In Pushing For Ukraine Dirt, Trump Saw Value In Corrupt Prosecutors

WASHINGTON, DC - OCTOBER 11: U.S. President Donald Trump answers questions from the media while departing the White House on October 11, 2019 in Washington, DC. Trump is scheduled to attend a campaign rally in Louisi... WASHINGTON, DC - OCTOBER 11: U.S. President Donald Trump answers questions from the media while departing the White House on October 11, 2019 in Washington, DC. Trump is scheduled to attend a campaign rally in Louisiana later in the day. (Photo by Win McNamee/Getty Images) MORE LESS
October 15, 2019 4:46 p.m.

There’s a deep irony in the accusations against Joe Biden that President Trump’s pressure campaign on Ukraine sought to substantiate.

It boils down to this: while claiming that Biden abused his office to corruptly fire a prosecutor whose investigation supposedly threatened his son, Trump found political benefit from two successive corrupt Ukrainian prosecutors, boosting them and allegedly trying to protect one from firing.

The two prosecutors — Viktor Shokin and Yuriy Lutsenko — were eventually fired by their own governments amid allegations of incompetence and widespread corruption that impeded any meaningful investigation into graft in the Eastern European nation.

Eventually, both officials would come to see a benefit to offering Trump and the wider GOP narratives about the Bidens and supposed Ukrainian interference in the 2016 election.

For Trump, the appearance of the Ukrainian prosecutors came in the long wake of the August 2016 resignation of Paul Manafort as his campaign chairman, and the embarrassment of his subsequent prosecution.

Manafort was forced to resign after a mysterious bribe ledger from his old Ukrainian clients surfaced in Kyiv, showing his name next to $12.7 million in appropriated bribes. The timing of the ledger’s release in the heat of the election season — and the fact that it appeared to have been leaked from a Ukrainian law enforcement agency — fed suspicions that the Ukrainian government had intervened to hurt Trump’s candidacy.

That left lingering resentment. Trump called for investigations into the matter.

By 2019, Trumpworld had begun to gear up for the 2020 election. Former Vice President Joe Biden was leading in the polls in the Democratic primary, setting him up as an obvious potential challenger to Trump.

But Kyiv had not gotten quieter. Lutsenko, now the prosecutor general, appears to have been waging a quiet war to have then-U.S. Ambassador to Ukraine Marie Yovanovitch removed from her post.

Lutsenko is reportedly the unnamed Ukrainian official who, in a federal indictment released last week, directed two associates of Rudy Giuliani’s to lobby for Yovanovitch’s removal.

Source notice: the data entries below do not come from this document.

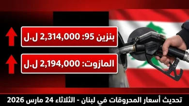 أسعار المحروقات في لبنان اليوم الثلاثاء 24-3-2026: ارتفاع كبير في سعر صفيحة البنزين والمازوت
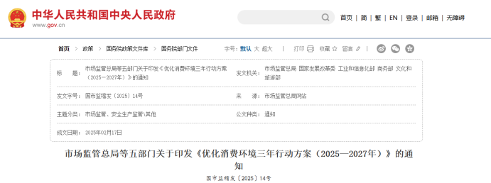 市场监管总局、国家发改委、工业和信息化部、商务部、文化和旅游部联合印发《优化消费环境三年行动方案(2025—2027年)》。《行动方案》明确了5方面19项重点任务,着力破除消费者反映突出的痛点难点问题,提振消费信心、激发市场活力、维护群众利益,全面建设诚信、公平、便捷、安全的消费环境。
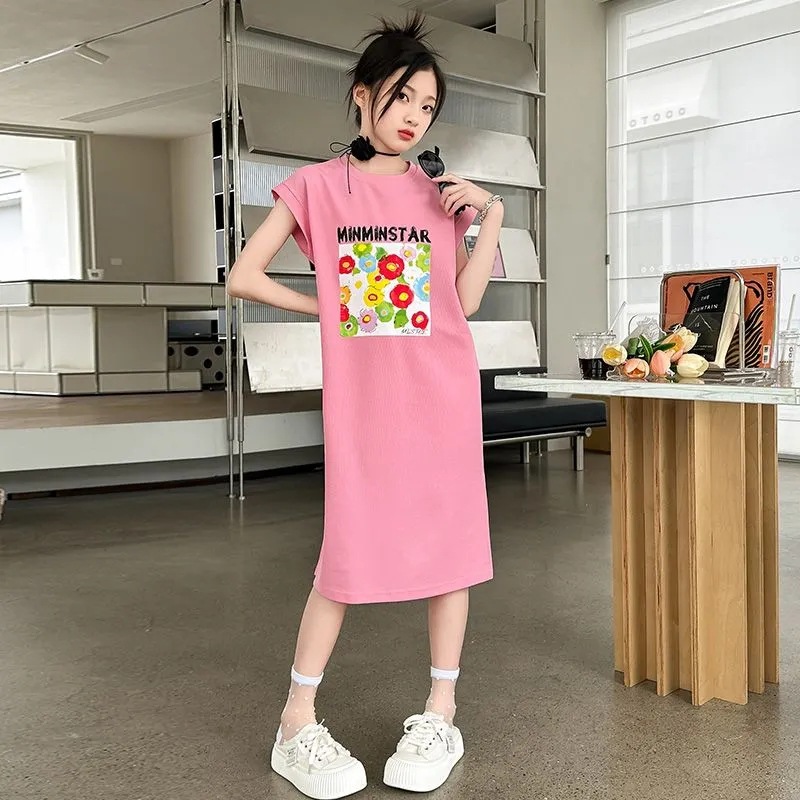 女童无袖连衣裙夏季新款儿童网红时髦休闲长裙中大童韩版T恤裙子.
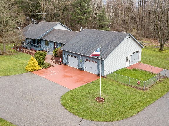 Need Space? for a large family, the in-laws, a home business, or just room to stretch, we have it (except...the Butler is not included). This sprawling ranch has 5 BR's, an office, 2 large living areas, 2 full & 2 half baths, 3-4 car attached garage, lg. pole barn, outbuilding, brand new roof...all on 14 acres. Almost 3,000 sq. ft. on one level with high ceilings, sun drenched rooms to enjoy the surrounding nature and great outdoor entertainment space. The 40x72x14 pole barn was built in 2014 and has a small office, loft and overhead door for most campers or motorhomes to enter. The 24x64 outbuilding has 2 sections for add'l storage or workshop areas. The attached 30x40 garage has 3 overhead doors and stairs leading to a storage attic. A Generac generator services the house and outbuildings during power outages and an alarm system is in place for added safety. Septic replaced in 2020. The seller to retain the refrigerator, washer and dryer. The 5th BR does not have a closet.
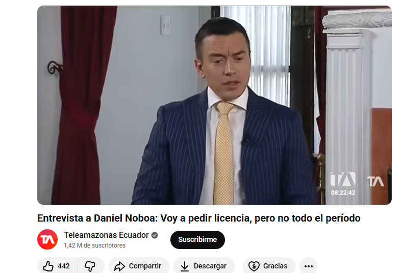 Entrevista de Daniel Noboa en Teleamazonas: video oficial en YouTube: https://www.youtube.com/watch?v=sGUC7nMGvN4&t=610s
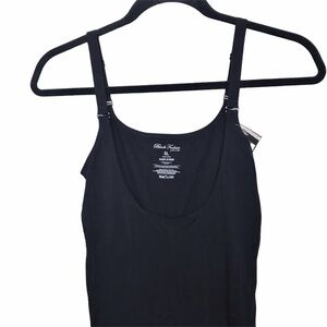 New with tags! Black, seamless shaping bodysuit by Black Fuchsia by Secret Lace LLC. Wear your own bra singlet style. Flattens the tummy, eliminates back bulge, and lifts and shapes. Has adjustable straps.
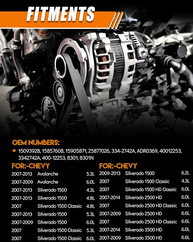 أرقام OEM: 15093928، 15857608، 15905871، 25877026، 334-2742A، ADR0369، 40012253، 3342742A، 400-12253، 8301، 8301N. بكرة 12 فولت 160 أمبير CW ذات 6 أخدود، اختر المولدات المناسبة، واجعل تحويل الطاقة الكهربائية أكثر اكتمالًا، وتأكد من إمداد الطاقة المستقر في السيارة
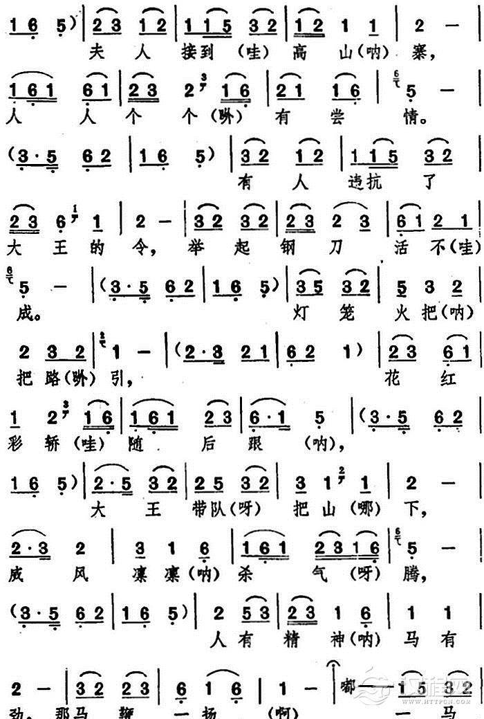 戏曲曲谱乘月光瞭敌营山高势险(《杨门女将》选段)
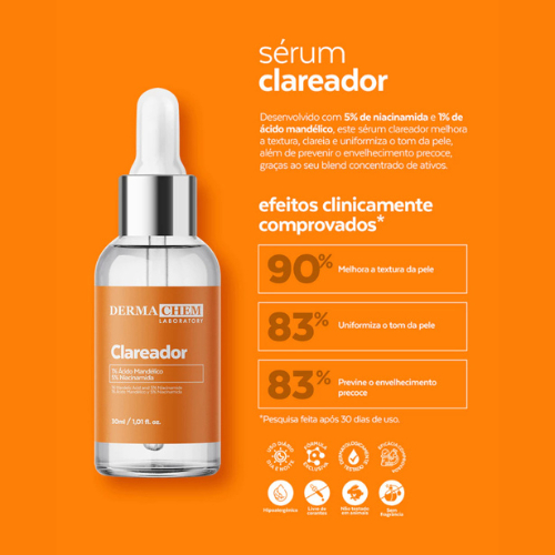 ✨ Pele mais uniforme e iluminada! O Sérum Efeito Clareador Dermachem foi desenvolvido para auxiliar na redução da aparência de manchas e na uniformização do tom da pele. Possui textura leve, rápida absorção e pode ser usado na rotina diária de cuidados. 💧 Benefícios: ✔ Auxilia na uniformização do tom da pele ✔ Contribui para suavizar a aparência de manchas ✔ Textura leve e não oleosa ✔ Fácil aplicação 📌 Modo de uso: Aplicar algumas gotas sobre a pele limpa e seca, espalhando até completa absorção. Pode ser utilizado diariamente. ⚠ Precauções: Uso externo. Evitar contato com os olhos. Em caso de irritação, suspender o uso. Recomenda-se o uso de PROTETOR SOLAR durante o dia. Em caso de dúvidas, consulte um dermatologista. 📦 Produto novo e bem embalado. 🚚 Envio rápido. MODO DE USO ROTINA DIURNA: 1º PASSO: Pela manhã, limpe bem o rosto com o sabonete. 2º PASSO: Aplique de 1-2 gotas do Sérum no rosto, pescoço e colo. Faça uma massagem com movimentos circulares para melhor absorção do produto. 3º PASSO: Aplique o protetor solar de sua preferência. 4º PASSO: Ao longo do dia repita esse cuidado. ROTINA NOTURNA: Á noite, com a pele limpa e seca aplique novamente o Sérum. Utilize o Sérum 3x ao dia. Não enxaguar. PRECAUÇÕES Evitar contato com os olhos. Em caso de contato com os olhos, lavar com água em abundância. Se houver irritação suspenda o uso. Mantenha o produto fora do alcance de crianças. Não ingerir. Uso externo. Não aplicar nas pálpebras, nos cantos externos do nariz e da boca e na pele irritada ou lesionada. Evitar exposição solar durante o uso do produto. Durante a primeira semana de uso, aplicar pequenas quantidades de produto, em dias alternados. Conservação: Conservar em temperatura ambiente. Proteger da luz, do calor e da umidade em excesso. Recomendações Importantes: Nas primeiras aplicações poderão ser observadas sensações transitórias de ardor, pinicação ou ressecamento da pele. Persistindo o incômodo, suspenda o uso do produto e procure orientação médica.
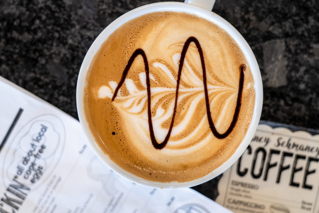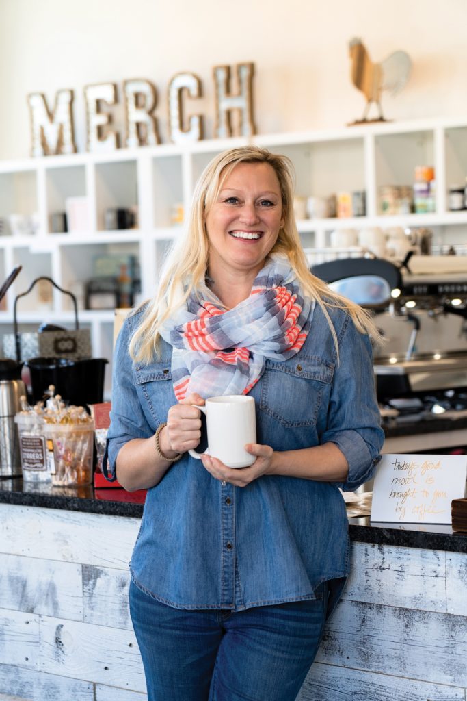 The café seats about 60, while an outdoor patio will seat about 40. There’s also a merchandise area filled with coffee-themed items. “I wanted the atmosphere to be bright, cheery and welcoming. It makes me happy to see people coming in and enjoying the atmosphere and food,” Amy says.
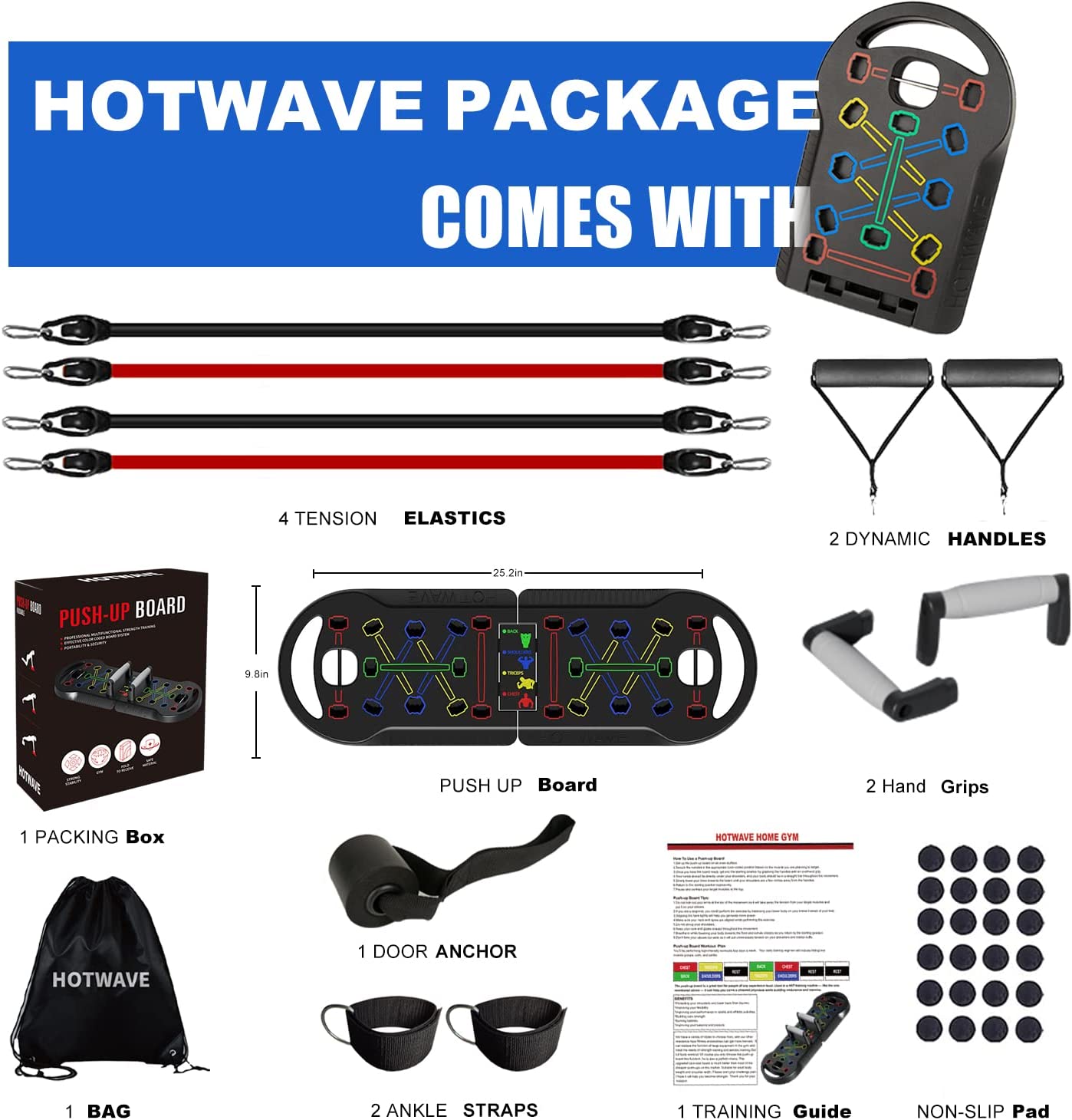 - 【LIGTH AND PORTABLE】The Hotwave board is lightweight, but very strong and safe,It made of ABS Ductile plastic that with strong toughness. The resistance bands have great elasticity. The non-slip push up handles provide a firm grip and distribute pressure evenly to reduce joint pressure. There are also added non-slip plugs to help stabilize your body while exercise.
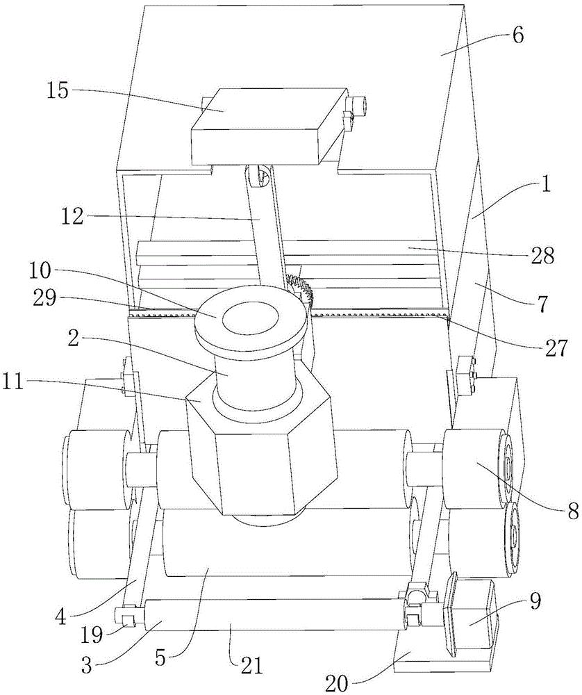 本实用新型本实用新型涉及纱线技术领域,具体涉及前纱线收卷机构,包括有机架、入料机构、收卷筒、两个收缩杆和两个滚筒,机架还包括有均呈水平设置的上机座和下机座,下机架的左右两侧分别安装有用于固定两个滚筒的轴座,两个滚筒的端部之间设有供收缩杆穿过的间隙,收卷筒还包括有旋转电机,电机的输出轴与收卷筒传动连接,入料机构还包括有圆柱形入料通道、入料外壳、连接杆、旋转机构和横向位移机构,上机座顶部靠近开口一侧设置有与上机座铰接的活动板,通过旋转电机直接与收卷筒传动连接,从而更加高效的实现收卷纱线,通过入料机构的旋转机构实现了纱线先旋转后收卷,收缩杆实现了收卷筒和滚筒在运行时时刻抵触,使得纱线收卷更加精准。
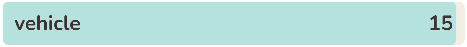 - The fifteenth phrase within the record at the moment is ‘VEHICLE‘.
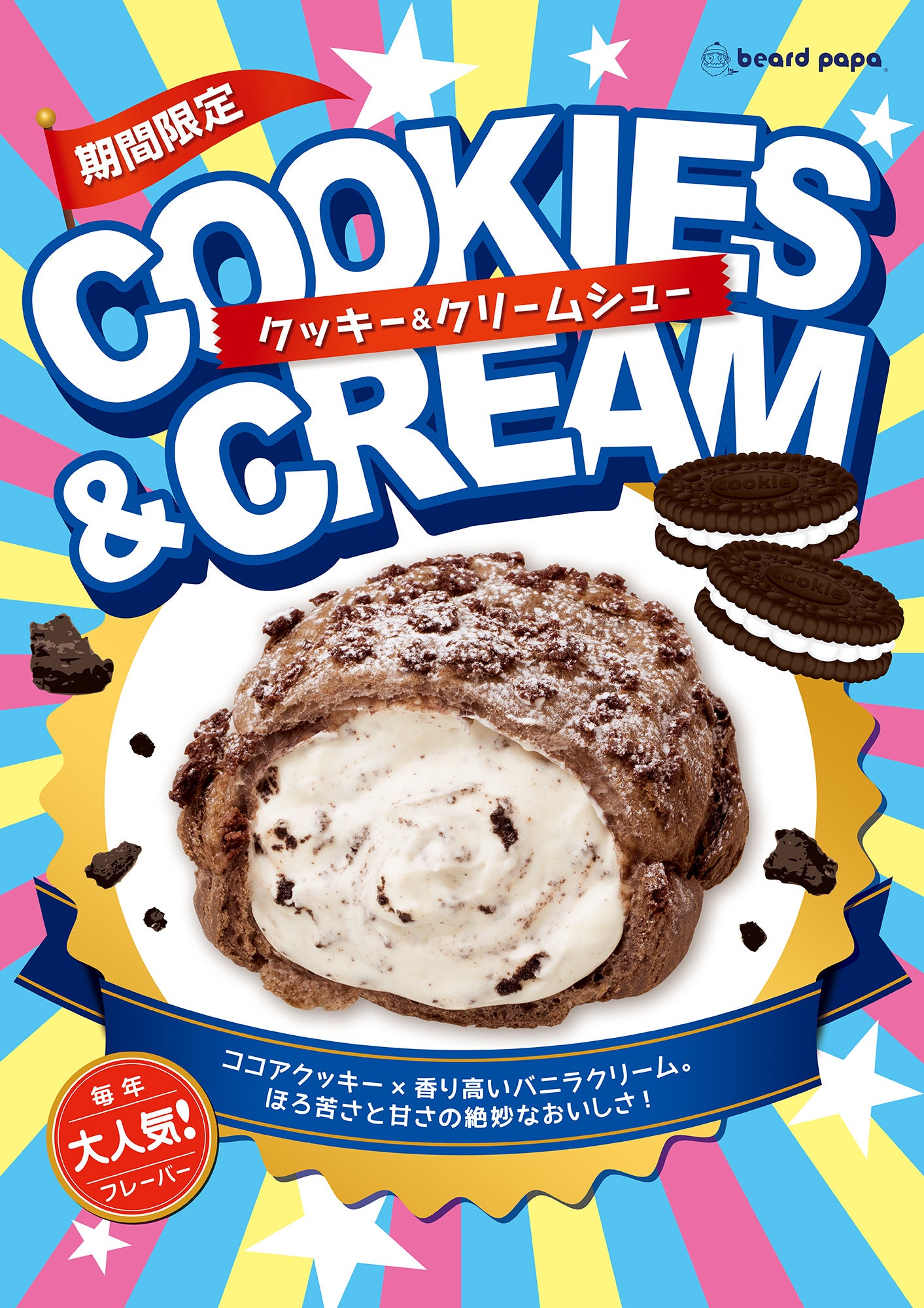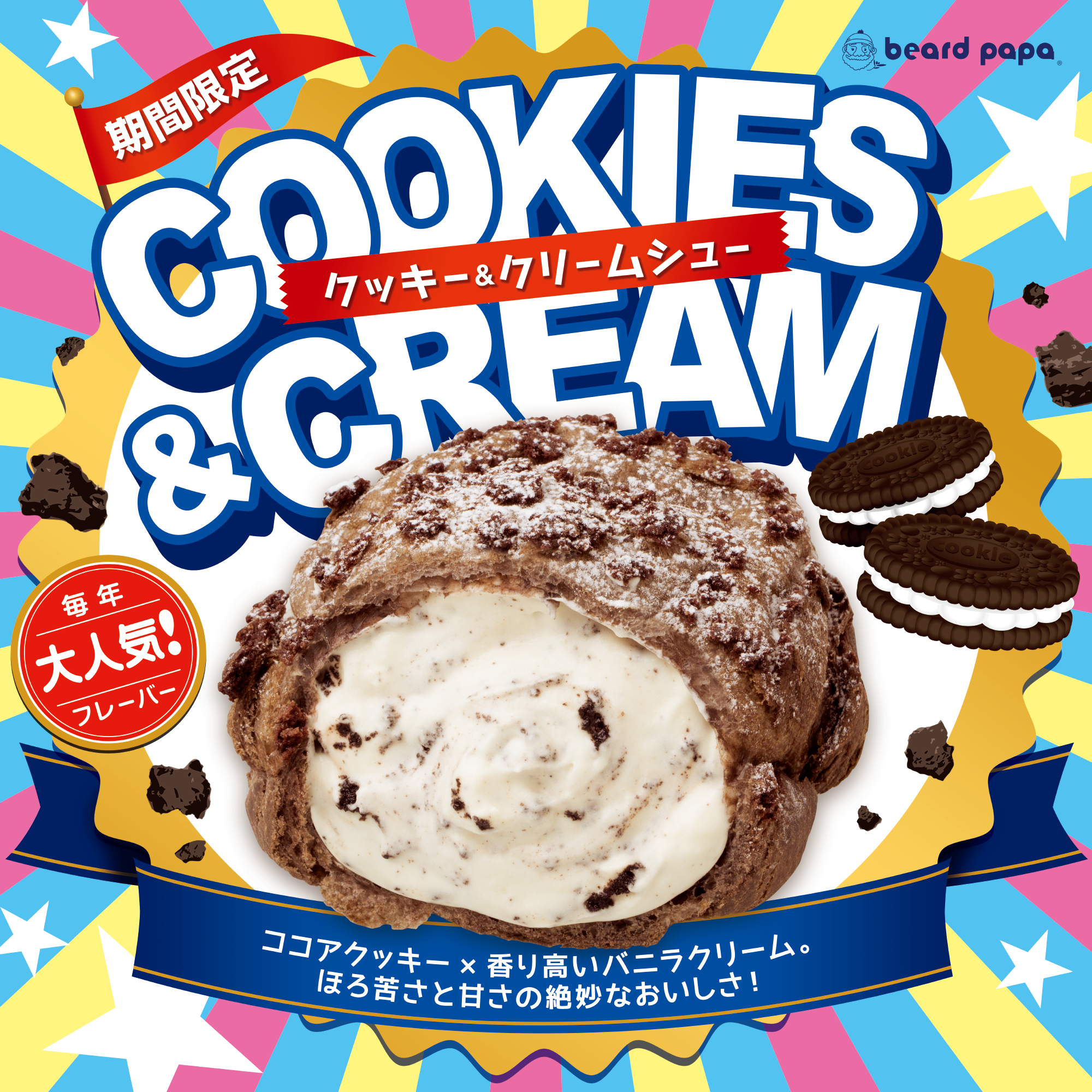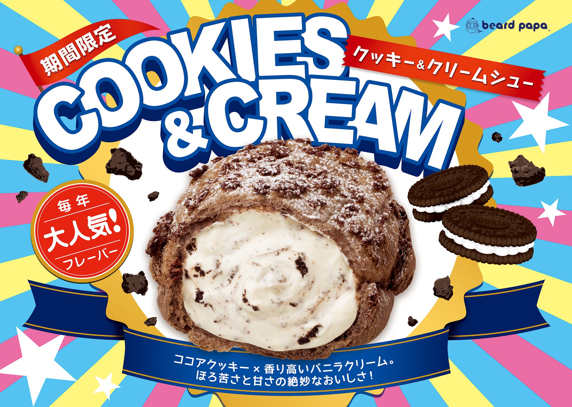 また、毎年大人気のフレーバー“クッキー&クリームシュー”も同時発売。アイスクリームで定番の味わいである「ココアクッキー×香り高いバニラクリーム」の絶妙なおいしさを、シュークリームでご堪能いただけます。

He had reason to fear U.S. influence: his predecessor, Viktor Shokin, was removed in March 2016 amid similar concerns over lack of progress in the fight against corruption. Biden helped push Shokin out, along with many other Western backers of Ukraine.

The effort to remove Yovanovitch described in the indictment initially failed. Lutsenko apparently revived it this past year in a series of interviews with The Hill’s John Solomon, making allegations of corruption by the Bidens and supposed Ukrainian collusion with the Democratic National Committee that appeared tailored to benefit Trump politically.

Much of those allegations were put forth by Lutsenko’s corrupt predecessor, Shokin.

That general prosecutor was fired in March 2016 amid pressure from Ukraine’s Western backers over having stymied crucial investigations into grand corruption and into the shootings that occurred during Ukraine’s 2014 revolution.

But Shokin came forward and in an affidavit claimed that it was Biden who conspired to remove him for the debunked reason of shutting down an investigation into the Ukrainian gas company on whose board the vice president’s son sat.

In the interviews with Solomon, Lutsenko followed up on this, alternately accusing Yovanovitch of corruption and saying that he was opening investigations into Shokin’s firing and Ukrainian interference in the 2016 election.

Trump welcomed the allegations, telling Sean Hannity in April 2019 that Solomon’s reporting “sounds like big stuff.”

Trump expressed support for Lutsenko in a July 25 phone call with Ukrainian President Volodymyr Zelensky.  A second whistleblower familiar with the call reportedly said in a complaint that Trump had pressed Zelensky “not to fire Ukrainian Prosecutor General Yuriy Lutsenko, who the President claimed was doing a good job.”

Trump told the Ukrainian leader that “a lot of people are talking about that, the way they shut your very good prosecutor down and you had some very bad people involved.

“Mr. Giuliani is a highly respected man,” Trump added.

By late September, the basic facts of Trump’s pressure campaign — and his willingness to turn to foreign countries for political benefit — had come to light.

But that did not stop the Trump campaign from releasing a campaign video on Oct. 9 restating the main theses about the Bidens put forth by Lutsenko and Shokin, again laundering the political benefit they offered into the U.S.